First and foremost - each interval will have at least two different names, so just listening to two notes won't give an exact answer: the tritone 1.♭5 sounds exactly like 1>♯4, for example, 1>m3 the same as aug2. So you're not going to get all the way there aurally.

The other factor is that usually, intervals are calculated from lower to upper note. I know they can be worked out the opposite way, but somehow it's easier (and more logical) that way.

Using two notes from a known song: I find this awkward, for the reason that unless the lower note is the root of that song, it can be deceiving. The oft used trick is to take the first two notes of a song, and call that whatever interval. That then skews all the other notes (and intervals) in that song, as we tend to hear that first note as root, which obviously it isn't.

Finding songs that do indeed start on root and go straight to another, forming a specific interval, will work better. And just taking two notes from the middle will work, when one pretends the lower note is in fact the root.

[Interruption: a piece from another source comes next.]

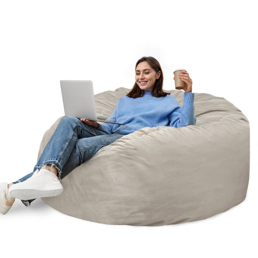 5-Foot Comfortable High-Density Shredded Foam Bean Bag Chair for Kids and Adults, with Removable Microsuede Cover, Ideal Reading and Bedroom Floor Lounge, Tuscany

I f that makes sense.

So, I recommend just listening to two notes, either played consecutively, or together, and getting used to their sound blend. Bearing in mind, as already mentioned, any interval will have more than one name. Writing down the two notes will help to make sense of this.

Writing C>A♯ will look very different from C>B♭. The former is an augmented 6th, the latter m7, but both will sound identical. That's the next step: what key are those notes from, as that factor will be critical in deciding what the interval gets named.